Repeat the material exactly from its first line to the line that includes "This SAE Recommended". Skip pictures.

[Data records — start]

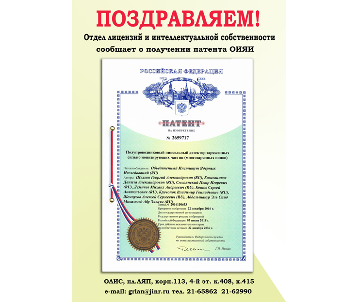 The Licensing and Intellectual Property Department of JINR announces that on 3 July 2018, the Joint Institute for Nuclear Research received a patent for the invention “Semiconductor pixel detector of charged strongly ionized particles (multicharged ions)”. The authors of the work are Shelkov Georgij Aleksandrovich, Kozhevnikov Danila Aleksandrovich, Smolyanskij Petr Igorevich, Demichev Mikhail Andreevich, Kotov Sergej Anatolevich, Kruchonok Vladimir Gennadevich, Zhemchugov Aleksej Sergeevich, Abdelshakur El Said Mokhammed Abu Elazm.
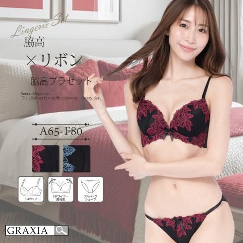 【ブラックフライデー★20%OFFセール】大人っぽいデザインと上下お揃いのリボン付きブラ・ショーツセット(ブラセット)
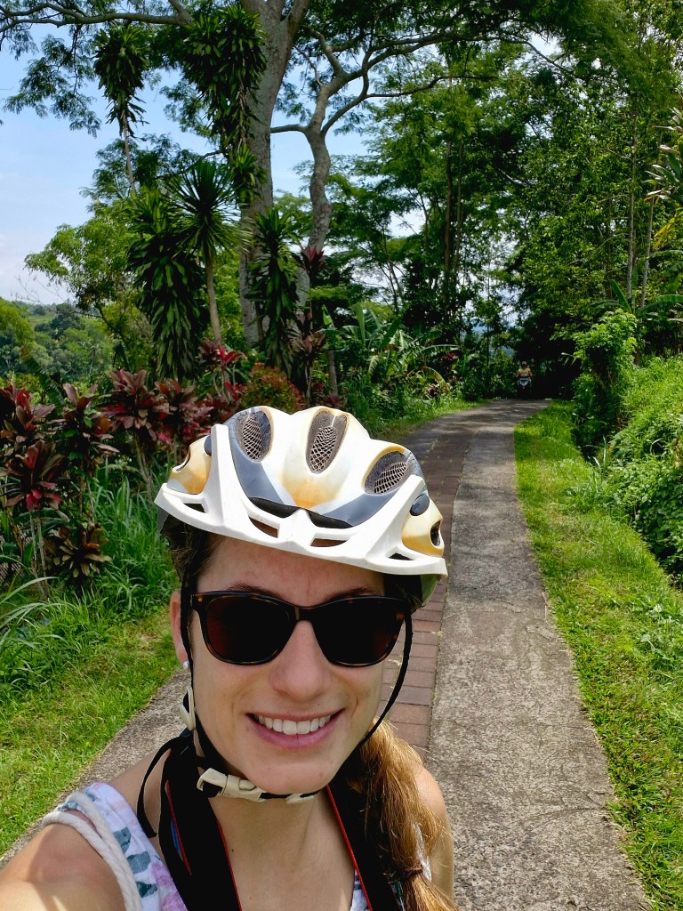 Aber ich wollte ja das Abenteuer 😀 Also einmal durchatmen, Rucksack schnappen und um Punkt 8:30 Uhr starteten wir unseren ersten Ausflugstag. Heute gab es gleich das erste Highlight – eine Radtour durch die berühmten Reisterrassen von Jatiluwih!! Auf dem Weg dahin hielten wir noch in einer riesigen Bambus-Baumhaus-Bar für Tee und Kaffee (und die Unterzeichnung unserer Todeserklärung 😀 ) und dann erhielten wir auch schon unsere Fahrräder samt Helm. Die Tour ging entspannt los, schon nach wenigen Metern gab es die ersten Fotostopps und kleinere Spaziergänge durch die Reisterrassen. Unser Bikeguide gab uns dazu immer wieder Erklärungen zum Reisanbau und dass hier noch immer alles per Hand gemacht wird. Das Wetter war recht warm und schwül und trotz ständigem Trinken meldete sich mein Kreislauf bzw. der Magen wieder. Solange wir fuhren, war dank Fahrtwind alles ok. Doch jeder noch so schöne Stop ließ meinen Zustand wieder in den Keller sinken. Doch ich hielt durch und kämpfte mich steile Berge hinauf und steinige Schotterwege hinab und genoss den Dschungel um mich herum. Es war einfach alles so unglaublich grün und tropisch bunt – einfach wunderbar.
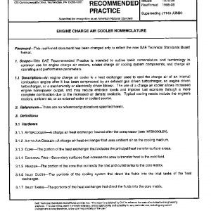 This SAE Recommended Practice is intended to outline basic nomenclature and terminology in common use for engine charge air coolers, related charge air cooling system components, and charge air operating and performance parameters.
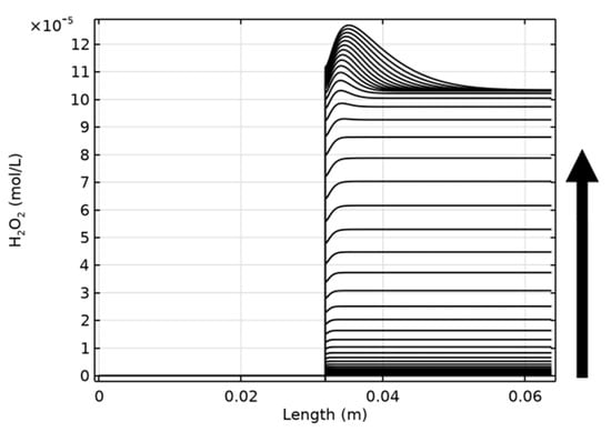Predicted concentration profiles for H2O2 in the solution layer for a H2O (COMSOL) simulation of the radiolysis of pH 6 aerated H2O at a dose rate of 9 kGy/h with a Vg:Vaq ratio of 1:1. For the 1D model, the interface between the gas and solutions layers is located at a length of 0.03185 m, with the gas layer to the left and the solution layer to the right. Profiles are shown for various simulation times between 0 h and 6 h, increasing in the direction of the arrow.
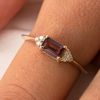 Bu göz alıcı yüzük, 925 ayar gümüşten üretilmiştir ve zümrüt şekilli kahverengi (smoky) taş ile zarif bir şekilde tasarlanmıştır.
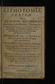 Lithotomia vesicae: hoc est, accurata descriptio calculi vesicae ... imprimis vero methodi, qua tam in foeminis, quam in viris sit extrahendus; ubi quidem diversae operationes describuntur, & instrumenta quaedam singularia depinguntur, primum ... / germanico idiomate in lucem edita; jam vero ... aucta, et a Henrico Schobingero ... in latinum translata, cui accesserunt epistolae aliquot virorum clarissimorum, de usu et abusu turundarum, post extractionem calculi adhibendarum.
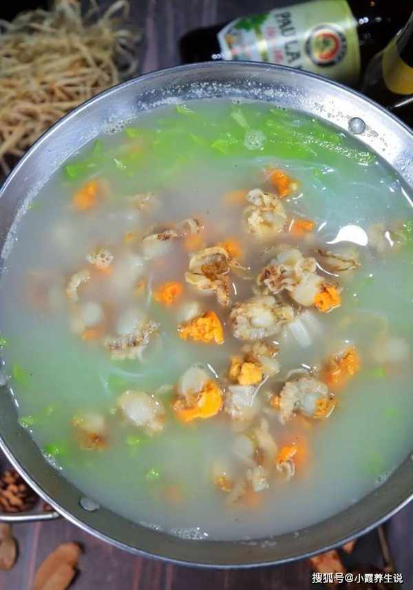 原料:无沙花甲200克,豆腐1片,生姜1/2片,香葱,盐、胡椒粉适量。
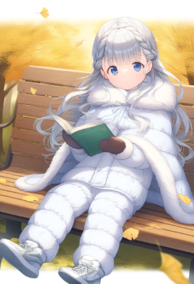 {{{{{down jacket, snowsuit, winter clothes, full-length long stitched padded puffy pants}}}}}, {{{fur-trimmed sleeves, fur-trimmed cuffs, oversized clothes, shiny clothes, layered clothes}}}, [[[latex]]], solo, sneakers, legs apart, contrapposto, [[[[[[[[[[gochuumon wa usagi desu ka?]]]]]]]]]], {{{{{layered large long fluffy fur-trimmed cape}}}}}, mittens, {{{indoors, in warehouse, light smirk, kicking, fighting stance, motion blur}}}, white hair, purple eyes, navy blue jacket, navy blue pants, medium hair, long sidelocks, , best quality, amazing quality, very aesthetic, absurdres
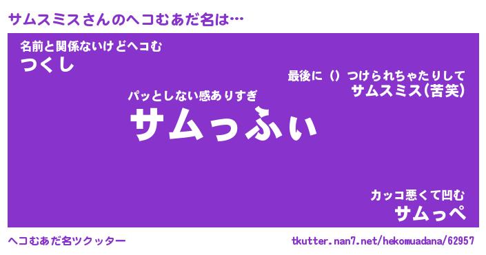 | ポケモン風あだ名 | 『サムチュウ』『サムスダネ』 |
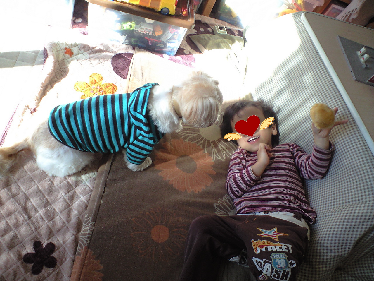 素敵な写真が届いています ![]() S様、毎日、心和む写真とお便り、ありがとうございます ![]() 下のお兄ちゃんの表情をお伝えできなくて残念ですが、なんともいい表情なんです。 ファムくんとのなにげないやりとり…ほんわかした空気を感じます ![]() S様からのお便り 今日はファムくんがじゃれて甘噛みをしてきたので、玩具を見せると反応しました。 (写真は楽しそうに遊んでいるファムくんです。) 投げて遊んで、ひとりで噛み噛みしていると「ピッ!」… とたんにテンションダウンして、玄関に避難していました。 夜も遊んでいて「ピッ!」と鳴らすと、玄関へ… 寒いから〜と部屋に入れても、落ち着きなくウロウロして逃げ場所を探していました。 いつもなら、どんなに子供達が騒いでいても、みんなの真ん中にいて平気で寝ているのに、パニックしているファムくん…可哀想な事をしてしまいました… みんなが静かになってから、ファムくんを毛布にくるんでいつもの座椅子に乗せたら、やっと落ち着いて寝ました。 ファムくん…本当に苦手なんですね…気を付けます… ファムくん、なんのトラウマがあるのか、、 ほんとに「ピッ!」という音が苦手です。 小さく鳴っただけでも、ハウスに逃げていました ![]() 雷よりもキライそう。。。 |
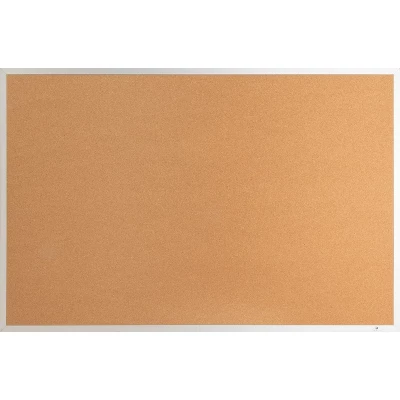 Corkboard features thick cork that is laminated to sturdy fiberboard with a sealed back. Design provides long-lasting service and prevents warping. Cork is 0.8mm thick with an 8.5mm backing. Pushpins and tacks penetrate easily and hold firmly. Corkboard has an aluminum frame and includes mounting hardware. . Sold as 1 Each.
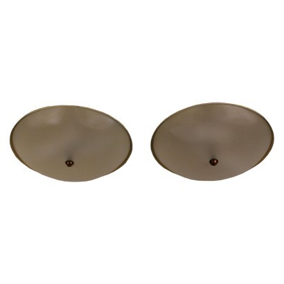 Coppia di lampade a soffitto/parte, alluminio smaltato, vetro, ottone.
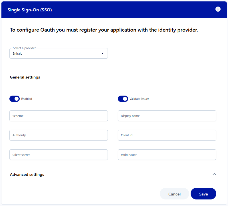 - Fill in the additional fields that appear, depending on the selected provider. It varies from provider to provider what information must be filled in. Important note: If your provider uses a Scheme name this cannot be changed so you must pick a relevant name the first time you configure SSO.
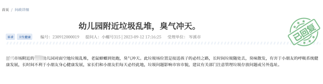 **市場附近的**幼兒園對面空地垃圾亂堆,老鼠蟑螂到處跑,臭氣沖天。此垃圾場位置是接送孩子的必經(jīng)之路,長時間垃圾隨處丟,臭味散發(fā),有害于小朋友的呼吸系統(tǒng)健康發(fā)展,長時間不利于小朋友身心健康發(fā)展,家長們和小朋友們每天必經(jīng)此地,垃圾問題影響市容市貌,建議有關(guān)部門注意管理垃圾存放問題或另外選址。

[Data records — finish]

Output for this exercise |
 The Licensing and Intellectual Property Department of JINR announces that on 3 July 2018, the Joint Institute for Nuclear Research received a patent for the invention “Semiconductor pixel detector of charged strongly ionized particles (multicharged ions)”. The authors of the work are Shelkov Georgij Aleksandrovich, Kozhevnikov Danila Aleksandrovich, Smolyanskij Petr Igorevich, Demichev Mikhail Andreevich, Kotov Sergej Anatolevich, Kruchonok Vladimir Gennadevich, Zhemchugov Aleksej Sergeevich, Abdelshakur El Said Mokhammed Abu Elazm.
 【ブラックフライデー★20%OFFセール】大人っぽいデザインと上下お揃いのリボン付きブラ・ショーツセット(ブラセット)
 Aber ich wollte ja das Abenteuer 😀 Also einmal durchatmen, Rucksack schnappen und um Punkt 8:30 Uhr starteten wir unseren ersten Ausflugstag. Heute gab es gleich das erste Highlight – eine Radtour durch die berühmten Reisterrassen von Jatiluwih!! Auf dem Weg dahin hielten wir noch in einer riesigen Bambus-Baumhaus-Bar für Tee und Kaffee (und die Unterzeichnung unserer Todeserklärung 😀 ) und dann erhielten wir auch schon unsere Fahrräder samt Helm. Die Tour ging entspannt los, schon nach wenigen Metern gab es die ersten Fotostopps und kleinere Spaziergänge durch die Reisterrassen. Unser Bikeguide gab uns dazu immer wieder Erklärungen zum Reisanbau und dass hier noch immer alles per Hand gemacht wird. Das Wetter war recht warm und schwül und trotz ständigem Trinken meldete sich mein Kreislauf bzw. der Magen wieder. Solange wir fuhren, war dank Fahrtwind alles ok. Doch jeder noch so schöne Stop ließ meinen Zustand wieder in den Keller sinken. Doch ich hielt durch und kämpfte mich steile Berge hinauf und steinige Schotterwege hinab und genoss den Dschungel um mich herum. Es war einfach alles so unglaublich grün und tropisch bunt – einfach wunderbar.
 This SAE Recommended Practice is intended to outline basic nomenclature and terminology in common use for engine charge air coolers, related charge air cooling system components, and charge air operating and performance parameters.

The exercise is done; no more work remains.